Keeping an Eye on Cloud Foundry
This is the third post in the series about keeping an eye on Cloudfoundry. Click here for the previous post.
What have we done?
At Stark & Wayne we help our clients integrate cutting edge technologies in to their stack. Each of us is also tasked with extending these projects for the good of the community. Often we get to do both. Recently the good folks at Swisscom needed to aggregate information about Cloud Foundry in to their Consul Cluster. You can get more information on Consul here.

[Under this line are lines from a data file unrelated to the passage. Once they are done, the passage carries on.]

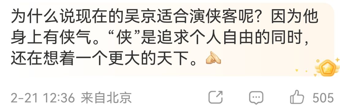 “比如谢霆锋扮演的谛听这条线,就极大拉深了文戏的深度。吴京扮演的刀马在道德上对谛听有愧,一个英雄要办事,但路上阻挡他的是一个自己愧对的人,该怎么办?这部戏的处理,是让刀马把刀透过自己身体插死谛听。事情我要办,这是信仰,但我愧对你,我可以让刀先插进我的身体,我可以陪你一起死,谁死谁活交给天意。这个处理太绝了。以后肯定要被其它电影反复借鉴。看到这的时候,我简直不敢相信编剧是俞白眉,果然合作牛逼的人,智商都能跟着涨。”
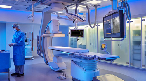 在美国芝加哥路德综合医院,一名仪器设备操作员正在为一场心脏导管手术做准备。在他身边,是一台术中三维CT扫描导航设备,其提供商来自飞利浦,一个以护理型家电和黑电产品广为人知的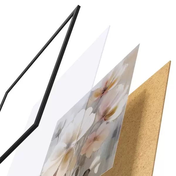 Plakát se skládá z rámu, plexiskla, tištěného obrazu a dřevotřískového podkladu. Díky úchytům na zadní straně lze plakát ihned zavěsit na zeď.

In this case Consul is being used as part of a larger health monitoring system. So our primary use case is to sync up the BOSH Monitor heartbeats for each deployed component with TTL checks in Consul. Along the way we have also added the ability to forward all events on the BOSH NATS bus to your Consul cluster.
How does it work?
The Consul plugin works by forwarding NATS heartbeat events and alerts to a Consul server or agent. The NATS messages can be forwarded as TTL checks and events. Heartbeat messages will be forwarded as TTL checks, each time a heartbeat occurs it will update the TTL check with it’s status. If Consul does not recieve a success message within the TTL threshold it will put that component in to a failing status.

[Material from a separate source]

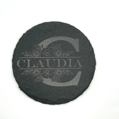 💢Schiefer-Untersetzer mit Lasergravur "Monogramm" - Die perfekte Geschenkidee!

When a non heartbeat event or alert occurs it can also be forwareded to Consul as an Event. In our case we are using this information for event correlation to provide an appropriate automated response.
How do I use it?
Using a BOSH Monitor plugin is covered in part one of this series. The option to enable this feature is consul_event_forwarder_enabled
.
consul_event_forwarder_enabled: true
consul_event_forwarder:
host: hostname.of.consul
events: true
ttl: 600s
namespace: ns/
heartbeats_as_alerts: true
The options available to the plugin are as follows:
- host: The hostname of your consul cluster
- namespace: A namespace to identify a single Cloud Foundry
- port: Defaults to 8500
- protocal: Defaults to HTTP
- params: Can be used to pass access token “token=MYACCESSTOKEN”
- ttl: TTL Checks will be used if a TTL period is set here. Example “120s”.

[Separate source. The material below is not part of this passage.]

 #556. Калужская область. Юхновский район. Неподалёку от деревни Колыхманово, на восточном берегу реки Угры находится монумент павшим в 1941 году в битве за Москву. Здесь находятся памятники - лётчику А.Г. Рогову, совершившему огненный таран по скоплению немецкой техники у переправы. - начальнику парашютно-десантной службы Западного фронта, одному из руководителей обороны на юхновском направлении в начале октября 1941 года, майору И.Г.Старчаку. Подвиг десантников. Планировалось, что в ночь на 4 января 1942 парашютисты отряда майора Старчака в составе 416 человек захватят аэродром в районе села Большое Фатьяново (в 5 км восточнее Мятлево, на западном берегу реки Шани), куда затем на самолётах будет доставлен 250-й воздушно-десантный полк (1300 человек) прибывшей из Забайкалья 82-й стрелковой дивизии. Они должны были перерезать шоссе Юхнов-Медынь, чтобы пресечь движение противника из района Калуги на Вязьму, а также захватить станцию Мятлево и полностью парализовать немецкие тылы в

- events: If set to true heartbeats will be forwarded as events to consul
- ttl_note: A note that will be passed back to consul with a TTL check
- heartbeats_as _alerts: If set to true all heartbeats will also be forwarded as event
BOSH Talks too much!
It turns out that when we added the events forwarding feature, many of the events were too large for Consul to handle which resulted in an error on the Consul logs. So we had to put the NATS messages on a diet. When heartbeats are sent as alerts the format has been made more concise to come in under the event payload bytesize limits that consul enforces
{
:agent => agent_id,
:name => "job_name / index",
:state => job_state,
:data => {
:cpu => [sys, user, wait]
:dsk => {
:eph => [inode_percent, percent],
:sys =>[inode_percent, percent]
}
:ld => load,
:mem => [kb, percent],
:swp => [kb, percent]
}
}
Whatever! Show me the code already!
This plugin is availabe as of BOSH Release stable-2980 and should be available in Microbosh instances at that version or later.